著者
金城 壽子 小西 清美 川満 多枝子 鶴巻 陽子 長嶺 絵里子 鬼澤 宏美 Kinjyo Hisako Konishi Kiyomi Kawamitsu Taeko Tsurumaki Yoko Nagamine Eriko Onizawa Hiromi 名桜大学
出版者
名桜大学
雑誌
名桜大学紀要 (ISSN:18824412)
巻号頁・発行日
no.21, pp.87-95, 2016-03

目的:台湾産後ケア視察から得た産後ケア施設情報をもとに,台湾産後ケア活用状況(出産情報と産後ケア・養生の実状)を調査することで,産後ケアについて示唆を得る。

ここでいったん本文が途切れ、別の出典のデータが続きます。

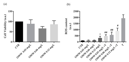 An increase in systemic oxidative stress related to abnormal production of ROS is often associated with aging and several diseases including hypertension, obesity, and cancer. A growing number of bioactive phytocompounds, known for their beneficial and antioxidant actions on human health, are more frequently recommended as therapeutic adjuvants in several diseases [25]. Here, we evaluated the effects of extracts obtained from olive by-products and wastes on cell viability in human colorectal carcinoma HCT8 cells. Furthermore, the potential antioxidant efficacy of olive by-products and wastes was assayed as well. Cells were incubated overnight with extracts derived from OWW at increasing concentrations (0.03 mg·L−1, 0.06 mg·L−1, and 0.12 mg·L−1 of phenols). Compared to cells left under control conditions, treatment with OWW extracts does not alter cell viability at the concentration used (Figure 1a). Under similar conditions, ROS content was measured in HCT8 cells. Compared to untreated cells (CTR), ROS production increased in cells incubated with OWW extracts at 0.12 mg·L−1 (Figure 1b). Indeed, compared to the positive control (tBHP), cells co-incubated with the oxidant tBHP, and OWW extracts showed a significant decrease in ROS generation induced by tBHP (Figure 1b).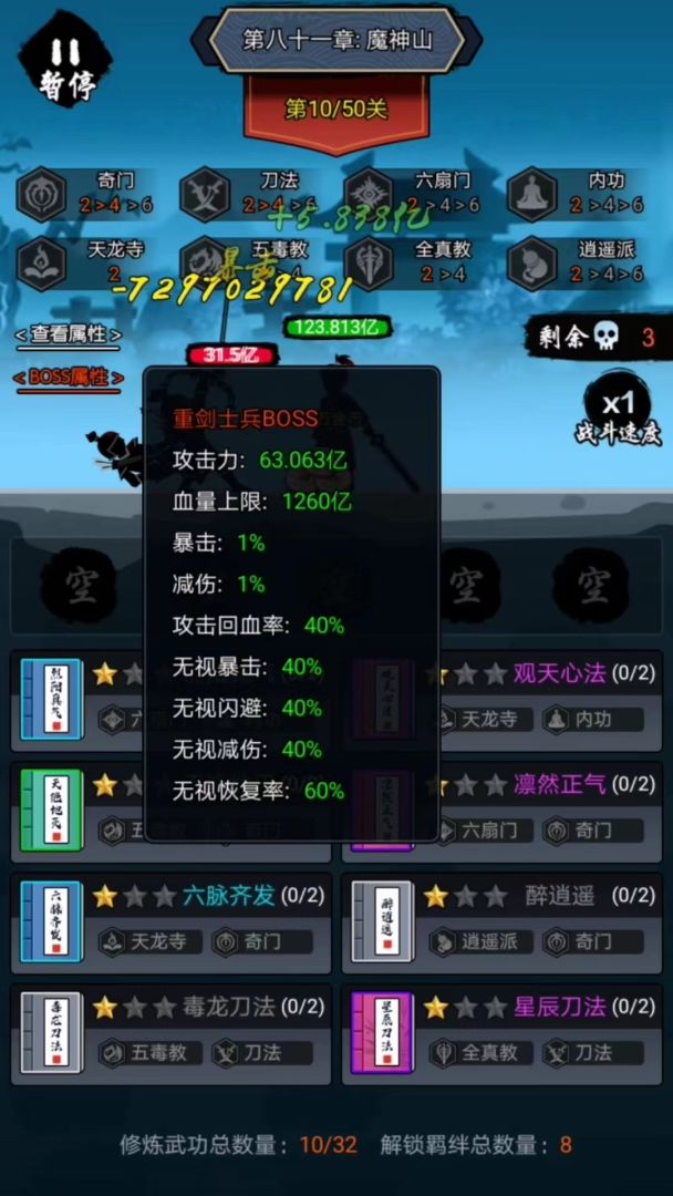 因为第10关boss攻速很低,猜测可能2全真减不了攻速或者减得很少,所以前10舍弃2全真,而选择2华山。这样拿前10有2华山,前15有4华山。会比之前好一点。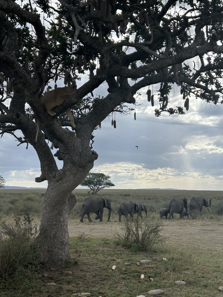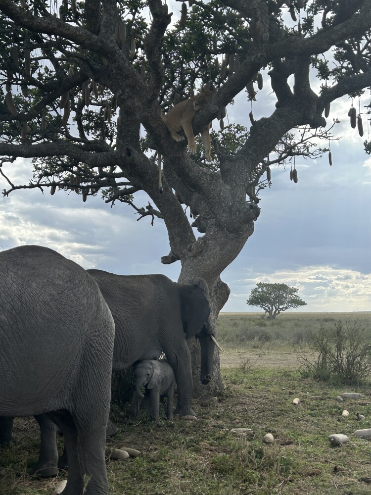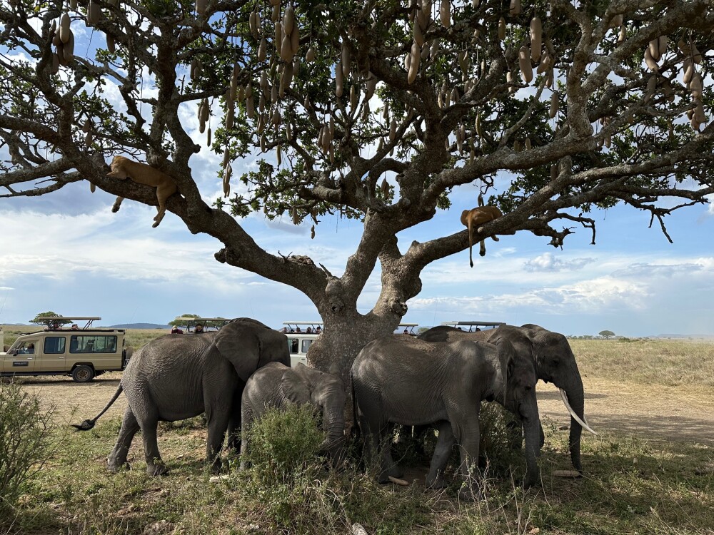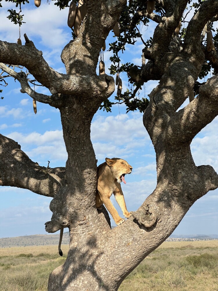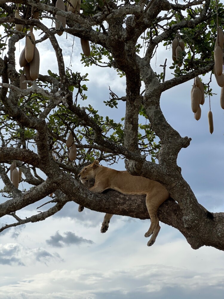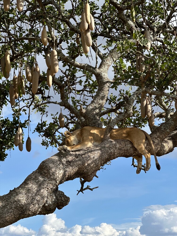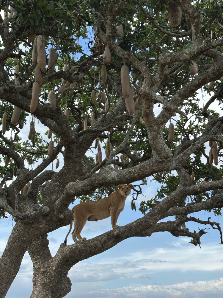 For example, we were in the Serengeti, and there was a sausage tree. Two lionesses were sitting in the tree, and when we arrived, two lion cubs had just run into the tall grass to hide.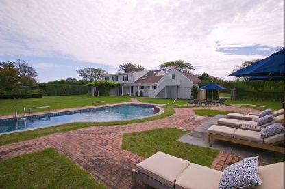 Just steps to Gin Lane and ocean beaches, this 6 bedroom and 6.5 bath traditional with contemporary "beachy" interiors offers wonderful space for relaxation and entertaining. Some of the extras include library, great room with fireplace, sunroom, media room. Outdoor features include an al fresco dining terrace, great lawn, very private 2-acre setting with high hedges. The heated gunite pool and full -size har-tru tennis court make this an idea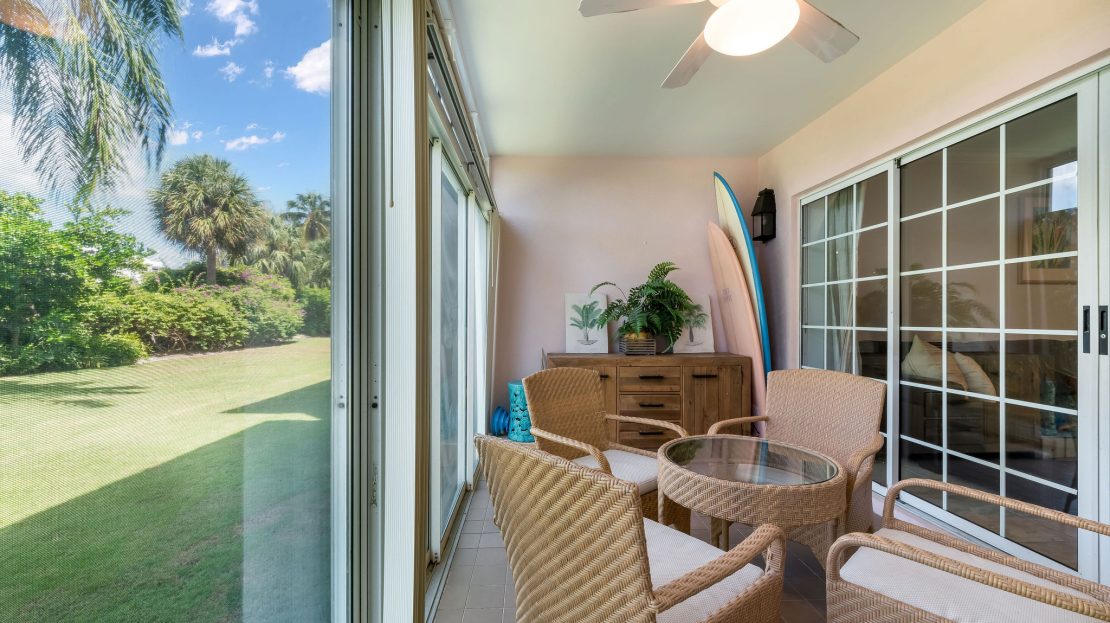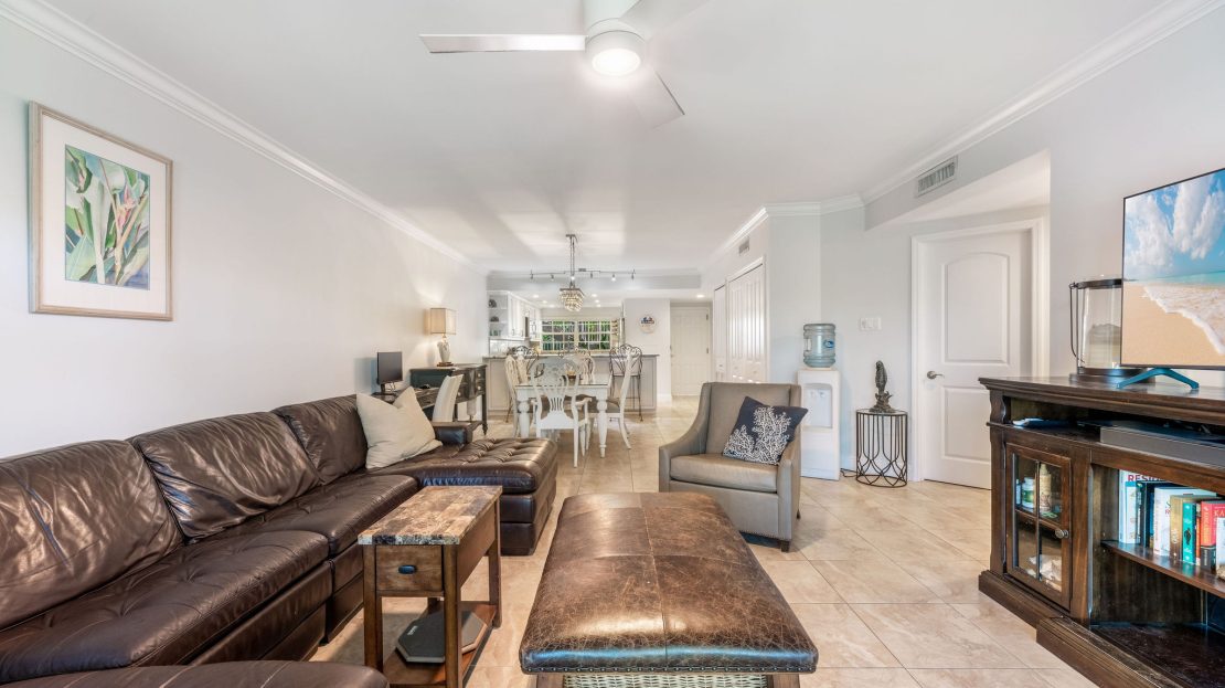 Set on the peaceful second floor, this bright unit is surrounded by lush tropical landscaping and serene views of the former Britannia Golf Course. The open-plan living area is filled with natural light from floor-to-ceiling windows and opens onto a spacious screened terrace, perfect for relaxing with morning coffee, winding down at night, or entertaining friends year-round.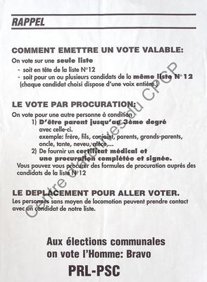 Imprimé électoral de la liste PSC-PRL de Beloeil réalisé à l'occasion des élections communales du 9 octobre 1988.

調査方法:台湾国籍,台湾で出産し,宿泊型の産後ケア(護理之家,月子中心),自宅で産後養生をした褥婦の親3名に対し,質問紙による構成的インタビュー調査を実施した。倫理的配慮:対象家族の知人であるインタビュワーの説明のあと,国際電話による調査に応じることで同意を得たとした。インタビュワーが台湾へ一時帰国する際,書面による同意を得た。調査結果:対象は出産年齢が33~35歳,分娩様式は帝王切開であった。入院期間は5~6日で,分娩費用は医療保険の適応(一部負担20%)があり,産後ケアの費用は全額自費である。台湾では妊婦健診を受けた病院で出産し,退院後は産後ケア施設を利用することがわかった。利用日数は10~30日であった。産後ケア施設が予約できなケースは,産後養生食としての月子食宅配が利用されていた。考 察:対象は,出産年齢が高く,施設分娩の入院日数が米国に近い傾向にある。台湾における産後ケアの背景として,産後一ヵ月は育児以外何もしない産後養生の思想「坐月子」が継承され,また,核家族化により褥婦のレスパイトケアが必然であり,育児や家事の負担を支援する宿泊型の産後ケアは自費であっても需要が高い。また,産後養生の特徴である月子食は医食同源の概念(薬膳)が取り入られ,宿泊できない場合,宅配利用で家事軽減を図っていた。